Prof. Asim Zubčević, an expert in Muslim culture in Bosnia and Chair of the IFB Centre for Interfaith Dialogue, chaired the discussion, which was followed by a question and answer session with the public. Key issues raised included the need for a chair of comparative religious studies and a chair of Judaic studies at the University of Sarajevo to promote the cooperation at a formal level of the intellectual leaders of the religious traditions in Bosnia and so promote interfaith dialogue at the level where future religious leaders are trained, in the theological faculties and seminaries. The next event was a public discussion on Lejla Nakaš' new book Paratextuality in mediaeval Bosnian literature (Sarajevo: Forum Bosnae, 2018).

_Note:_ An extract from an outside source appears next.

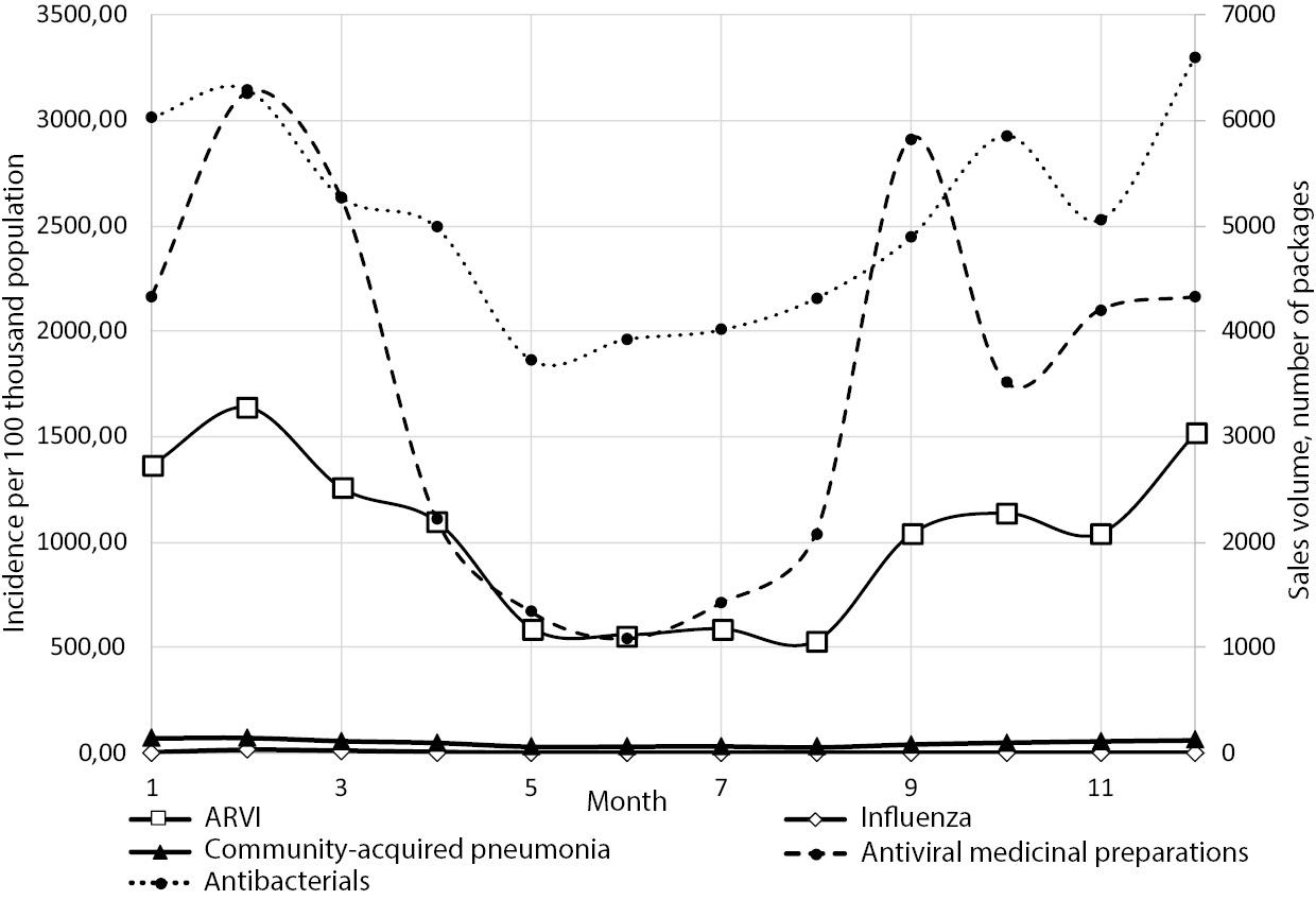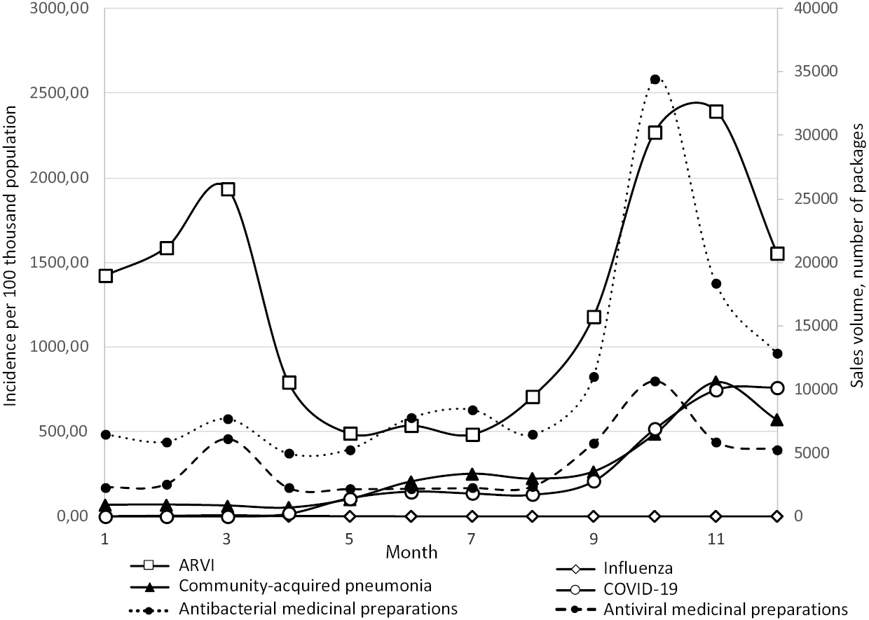 Динамика заболеваемости ОРВИ, COVID-19 и внебольничной пневмонии в 2020 г. во многом имеют похожий паттерн, что, вероятно, больше связано с трудностью распознавания этих форм респираторной инфекции, в основном базирующейся на результатах ПЦР метода выявления РНК SARS-Cov-2. Потребление АМП и противовирусных препаратов тесно связано с заболеваемостью ОРВИ и имеет четкие максимумы в весенний и осенне-зимний периоды. При этом потребление АМП выше, чем противовирусных препаратов. Кумулятивная заболеваемость гриппом в 2020 г. на 25% ниже заболеваемости 2019 г., что может быть объяснено купирующим эффектом санитарных мероприятий во время пандемии COVID-19.

The event took place at the International Forum Bosnia meeting room (ul. Sime Milutinovića 10/III) at 18:00 hours, on Friday, February 8th, 2019. This event continued our traditional focus during the World Interfaith Harmony Week on new publications related to Bosnia's mediaeval heritage, in which the manuscripts of the mediaeval Bosnian Church play a central role. These manuscripts are scattered around the world. Their importance for the study of mediaeval Bosnian literature is matched only by their implications for the critical understanding of Bosnia's mediaeval church and its alleged heretical or Manichaean character. As a result, discussion of Mediaeval Bosnia's religious heritage has tended to focus on controversial issues in historiography and heresiology, rather than textual investigation of the manuscripts. As part of her project, under the auspices of IFB, to create a library of facsimiles and critical editions of that manuscript heritage, Prof. Lejla Nakaš here offers the first proper overview of how the heresiological interpretation of specific aspects of Bosnian Christianity (the Bosnian Church) is and should be related to textual research on the manuscripts themselves. This represents a major scholarly advance in this area of Bosnian cultural studies.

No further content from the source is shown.